General CSS and styling questions with Form Layout and AutoResponsiveness

Hi everyone,

I’m working with Vaadin 24.8 and trying to make use of the new auto-responsiveness features. I’m fairly new to CSS and theming in general, so I might be missing something obvious—any help or pointers would be much appreciated!


1. How can I control --vaadin-form-layout-column-spacing?

I tried overriding the column spacing like this:

:host {
–vaadin-form-layout-column-spacing: var(–lumo-space-m);
–vaadin-form-layout-row-spacing: 0;
}

But it doesn’t seem to make any difference. I expected the spacing between columns to decrease, but nothing changed. Is there something I’m misunderstanding about how or where to apply this custom property?


2. How do I control the height of an input inside a vaadin form layout?

The form layout is autoResponsive.
Inputs seem to have a height that’s determined by some built-in variable or internal logic. I haven’t been able to figure out what exactly is controlling it or how to override it. Is there a standard way to adjust the input height when they’re used inside a form layout?

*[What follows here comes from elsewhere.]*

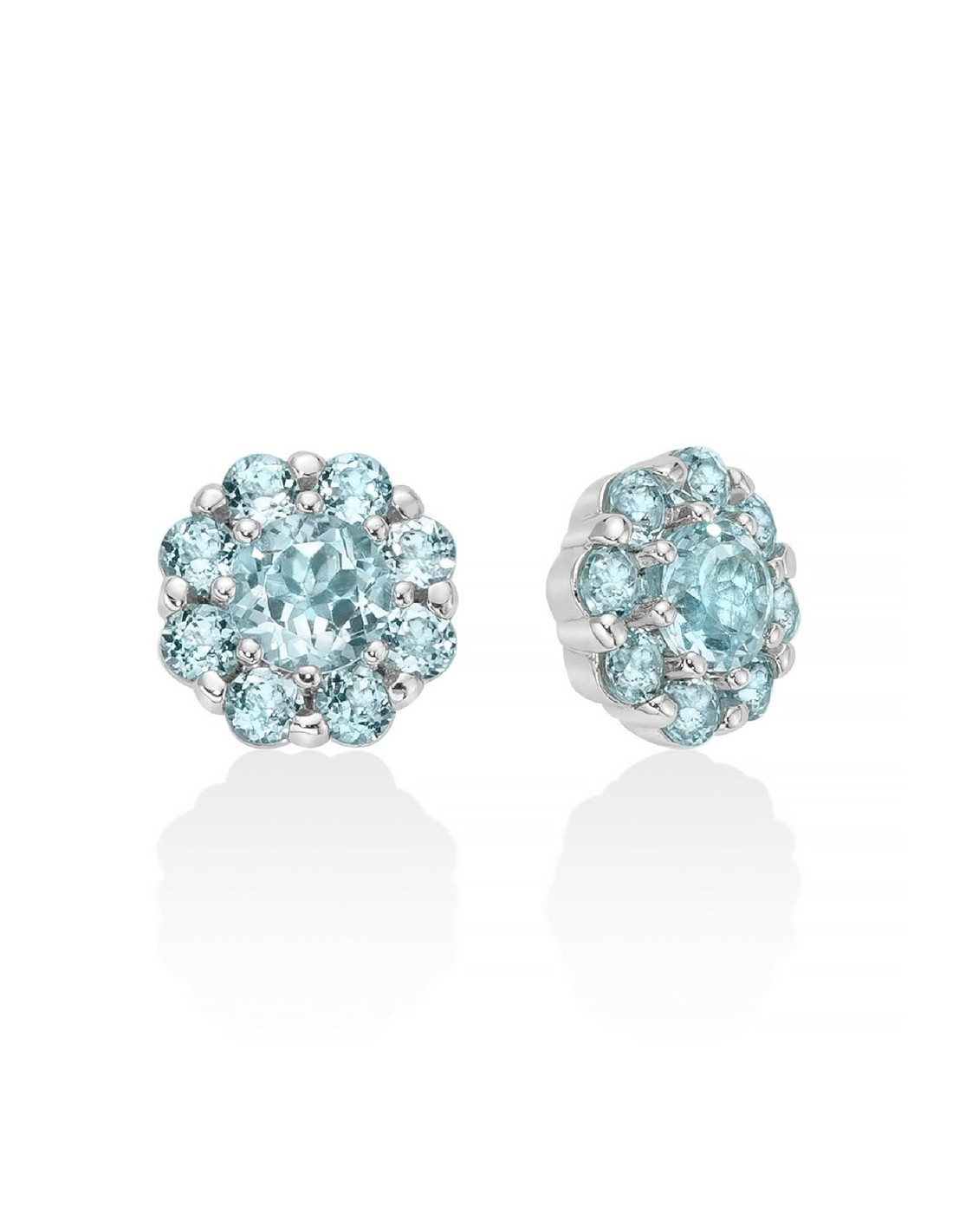 Orecchini a lobo della collezione Miluna Gemma del Cielo da donna. Colore: argento e azzurro. Gli orecchini sono in argento 925 rodiato con topazi azzurri naturali taglio brillante 6 mm posizionati al centro e da 8 topazi azzurri naturali taglio brillante su ogni orecchino. La caratura totale è di 22,4 ct. Le pietre sono posizionate in modo da formare un fiore. Chiusura a perno.
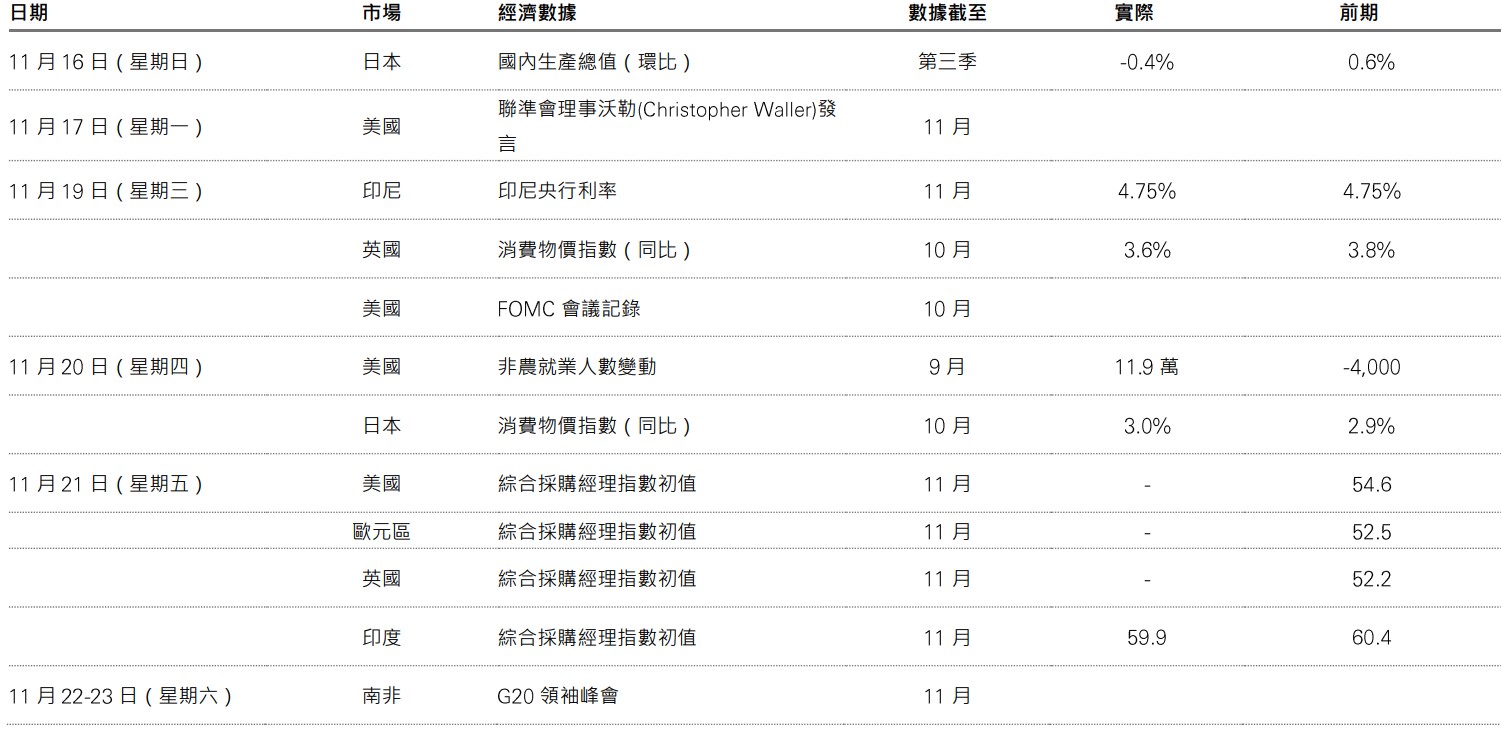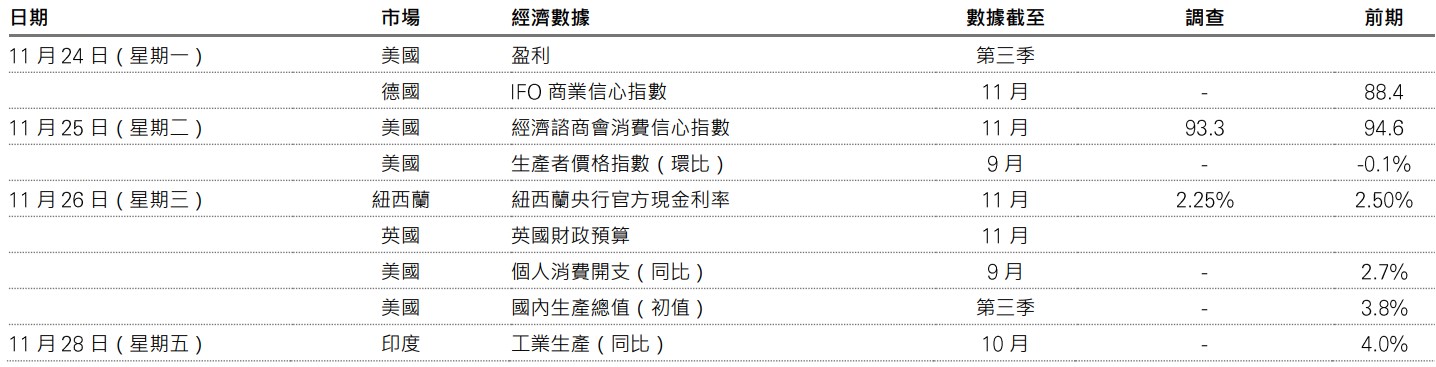 資料來源:滙豐投資管理。數據截至2025年11月21日(英國時間上午7時30分)。僅供參考,不應視為投資特定國家、產品、策略、行業或證券的建議。所表達的任何觀點均截至編製為止,如有更改,恕不另行通知。所提供的任何預測、預計或目標僅供參考,概非任何形式保證。*美國政府停擺終結,但預期官方數據公布仍會推遲

3. Inputs without labels are vertically misaligned in a grid

I have some input fields inside a grid that don’t have labels, and they appear vertically misaligned compared to other inputs with labels. I tried using align-self, but it doesn’t seem to work—possibly because the inputs default to height: 100%? Is there a best practice for fixing this kind of alignment issue? Tried refering to


4. Nested grids and form layouts (legacy-like structure)

I’m working on a legacy use case where grids can contain other grids or nested layouts. When I try to recreate this structure in Vaadin 24.8 using vaadin-form-layout with auto-responsiveness, the layout behaves unpredictably or breaks entirely. Is this kind of structure supported at all? If not, are there any recommended workarounds or patterns for nesting layouts like this in a responsive way?
What I observe is that I may have a container with colspan 2 which represents 2 cells in the grid, but each cell contains a container which has colspan 2, 3, it does not matter, and the grids overlap when put in the “parent” with colspan 2.

  1. Spacing:
    There’s a typo in your property names: they’re prefixed with two dashes, not one.
    Also, I’m not sure where you’re putting that css.
    Ideally, in V24, you would be using normal CSS, not shadow DOM css which you have there (with the :host selector), so you’d place the css in your theme’s styles.css or some other normal stylesheet, like this:
vaadin-form-layout {
    --vaadin-form-layout-column-spacing: 100px;
    --vaadin-form-layout-row-spacing: 100px;
}
  1. The FormLayout doesn’t have anything to do with the height of input fields. Each field component has its own default height. TextFields and others that look similar can be customized by setting a value to --vaadin-input-field-height, e.g.
vaadin-text-field {
  --vaadin-input-field-height: 50px;
}
  1. To make sure input fields are vertically aligned correctly outside of a FormLayout, use align-items: baseline.

  2. I think we’ll need a picture to understand this one.

  1. Solved. I am not sure what is the difference between “normal” CSS and shadow DOM CSS, so this is probably a good opportunity to read about it.

  2. Ok. Thanks for the info! The difference was coming from my CSS

  3. I gave the wrong explanation of the issue, and thus, the answer did not help, but eventually I think I found a solution for my problem. I was setting align-self in the wrong place, but thanks for your time.

  4. I understand that the description was confusing, I want to experiment a bit more and will provide screenshots if stuck.

There’s a page about Shadow DOM styling in the Vaadin Styling docs section: How to style Shadow DOM elements in Vaadin applications.

The TL;DR is:

Vaadin components use shadow DOM to isolate their internal elements from the surrounding page. This prevents anything else on the page, such as JS or CSS, from messing with the component’s implementation as elements in the component’s shadow DOM are inaccessible to external CSS and JS.

This means that, to style those elements, some mechanism is needed to access them with css from the outside.

Pre-V24, css would be applied to components by placing it in themes/your-theme/components/vaadin-component-name.css, from where it would be injected into the internal shadow DOM of the component (which you cannot style from the “outside”).

(Stylesheets in the components folder, named after the component in question, are automatically injected into its shadow DOM, whereas stylesheets elsewhere in your theme folder are just loaded into your normal “light DOM”.)

In V24 onwards, the recommended approach has been to place your css in a normal stylesheet like styles.css, and use selectors like ::part() to access elements inside the component’s shadow DOM that would otherwise be inaccessible to normal css.

All of the selector references you’ll find on the Styling tabs of component docs pages are for light DOM CSS, so they won’t work inside shadow DOM.

Older apps that were made for pre-V24 styling typically use the Shadow DOM approach, and can continue doing so as it’s still supported (for now), but we recommend that they’re eventually refactored to normal css for future-proofing.